Каюсь, я не уплатил за напитки и после войны. Никак не мог вспомнить, какой дорогой мы ехали на фронт, в каком поселке остановились попить.
Но когда я увидел старушку с посохом, считавшую скрюченным пальцем солдатские штаны, вывешенные после стирки на иерусалимских балконах, я вспомнил и ту, что напоила нас в первый день войны, отдав все, что имела. И хоть у меня давно нет своей матери, как никогда прежде, я почувствовал, что еще не осиротел.
ВОЛЧИЦА
Солнце стояло в зените, южное, знойное, и лишь раскрытые по всему пляжу многоцветные зонты давали спасительные круги тени в этом пекле. Курортники уползали под защиту зонтов, оставив на смятом желтом песке обрывки газет, семечную шелуху и арбузные корки.
Азовское море тускло сверкало стеклянной глазурью, и скользивший с задранным носом теплоход на подводных крыльях, казалось, полз белой мухой по вязкому киселю.
Утопая коричневыми босыми ногами в раскаленном песке, брела по пляжу старуха, не из курортниц, а из местных жителей. В кофте и юбке, старых и рваных, с непокрытой головой, подставив немилосердному солнцу космы немытых волос, она являла собой резкий, нестерпимый контраст холеным телам в кокетливых купальниках и бикини на ковровых подстилках в многоцветной тени зонтов. У старухи было сморщенное, продубленное солнцем лицо и запавший беззубый рот. Она бесчувственно ставила в раскаленный песок ноги, просушенные до костей, с шелушащейся, как у змеи, чешуйчатой кожей и глубокими черными трещинами на пятках.

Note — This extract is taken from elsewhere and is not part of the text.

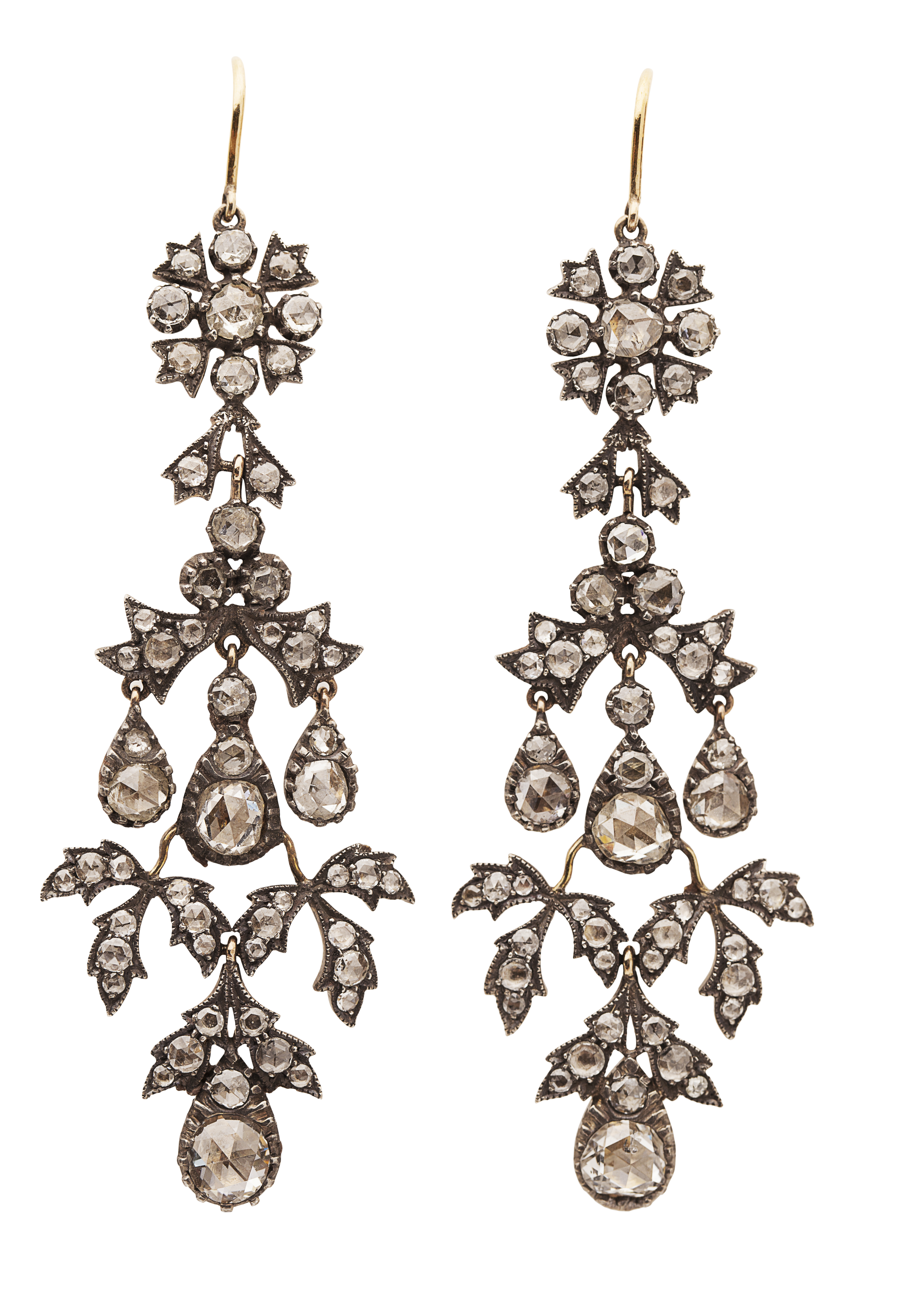 the floral cluster suspending a tapering articulated drop with further secondary drops, set throughout with graduated rose cut diamonds, hook fittings
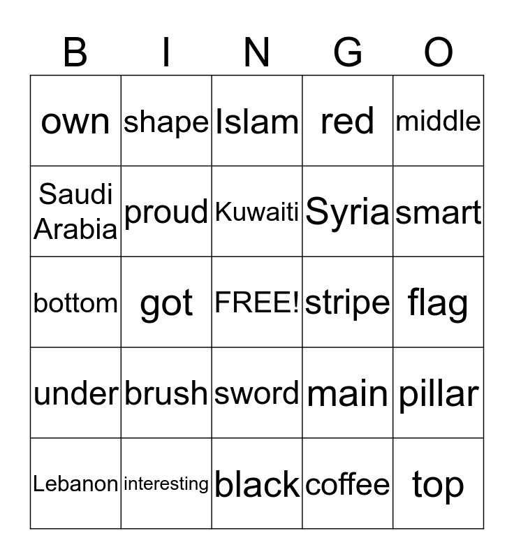 This bingo card has a free space and 24 words: brush, interesting, Kuwaiti, Lebanon, middle, own, Saudi Arabia, shape, stripe, sword, Syria, bottom, main, pillar, proud, coffee, flag, Islam, smart, got, top, under, red and black.

Старуха не была нищенкой и не просила милостыни. Она не останавливалась у каждого зонта и не клянчила гривенник.
Она брела по песку, изредка вскидывая ладонь к глазам и прикрываясь ею от слепящего солнца, вглядывалась в людей под зонтами, словно искала кого-то.
И останавливалась с глупой ухмылкой, если находила среди голых тел человека с еврейской физиономией. Особенно широко улыбалась она, обнажая пустые десны с единственным и желтым, как у лошади, зубом, когда видела еврейскую семейку с непременно толстой, распирающей купальник мамашей и упитанными, раскормленными детьми.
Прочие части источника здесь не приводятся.